The average property insurance premium declined about 3% in the third quarter, while the average directors and officers liability premium dropped 4%, according to the “RIMS Benchmark Survey” administered by New York-based Advisen Ltd. Meanwhile, average premiums for general liability and workers compensation fell less than 1% on average.

Despite the slowdown in reductions, general liability and workers comp insurance premiums are either at or below the level they were at the depth of the last soft market in 2000, said Dave Bradford, executive vp of Advisen.

General liability “never drops very much in a particular quarter, but it keeps going down,” Mr. Bradford said. Although workers compensation is “the most regulated line,” he said, it is insulated a little bit from competitive pressures, there were a rash of regulatory reforms that drove premiums down.”

Mr. Bradford attributed continuing soft pricing to the weak worldwide economy, which has caused companies that either downsized or went out of business to purchase less or no insurance coverage, forcing insurers to compete for their share of a shrinking market, he said.

“If you have fewer employees, you don't buy as much workers comp; and if you have lower revenues, you don't buy as much general liability,” Mr. Bradford said.

He added that while the slowdown in premium reductions in general liability and workers comp might suggest that the commercial insurance market is poised for a turn, competition is still intense in those and other lines of coverage.

“I don't think we're quite at the bottom yet. If there had been some significant cat activity in terms of any hurricanes making landfall, it might have wrung out the rest of the excess capacity. It was an active year, but nothing hit shore (in the United States). So I am not seeing anything that will cause the market to turn,” Mr. Bradford said.

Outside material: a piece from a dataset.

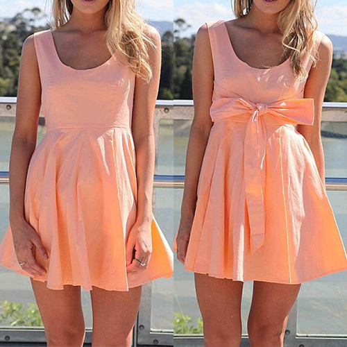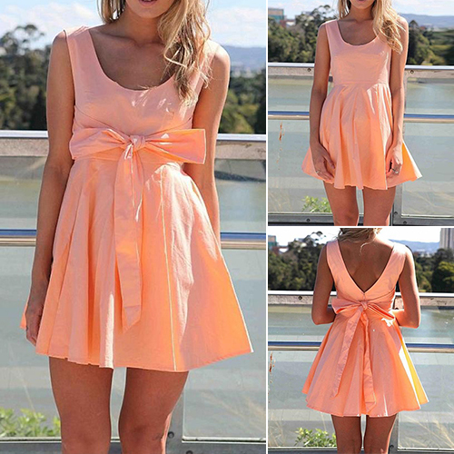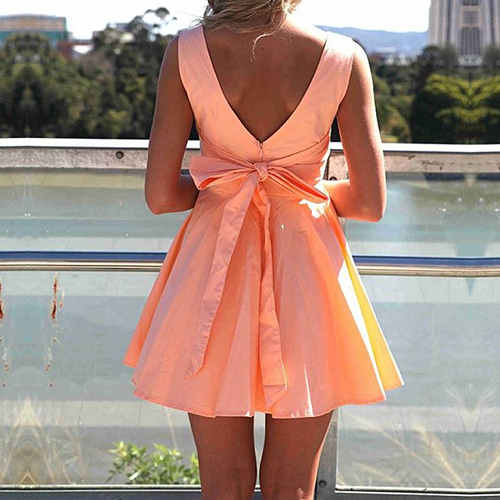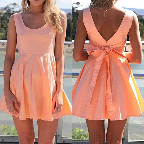 You would have a sweet and stylish look in this sleeveless dress. Solid color style,its backless design

The “RIMS Benchmark Survey” is used by risk managers to compare the structure of their commercial insurance programs, retained loss costs, exposure demographics and total cost of risk against a group of peer companies.

The survey is produced by Advisen, which analyzes data submitted online either directly from risk managers and other buyers of commercial insurance or from their brokers. The results are available online or in an annually published book. Visit www.RIMS.org/bench mark for details.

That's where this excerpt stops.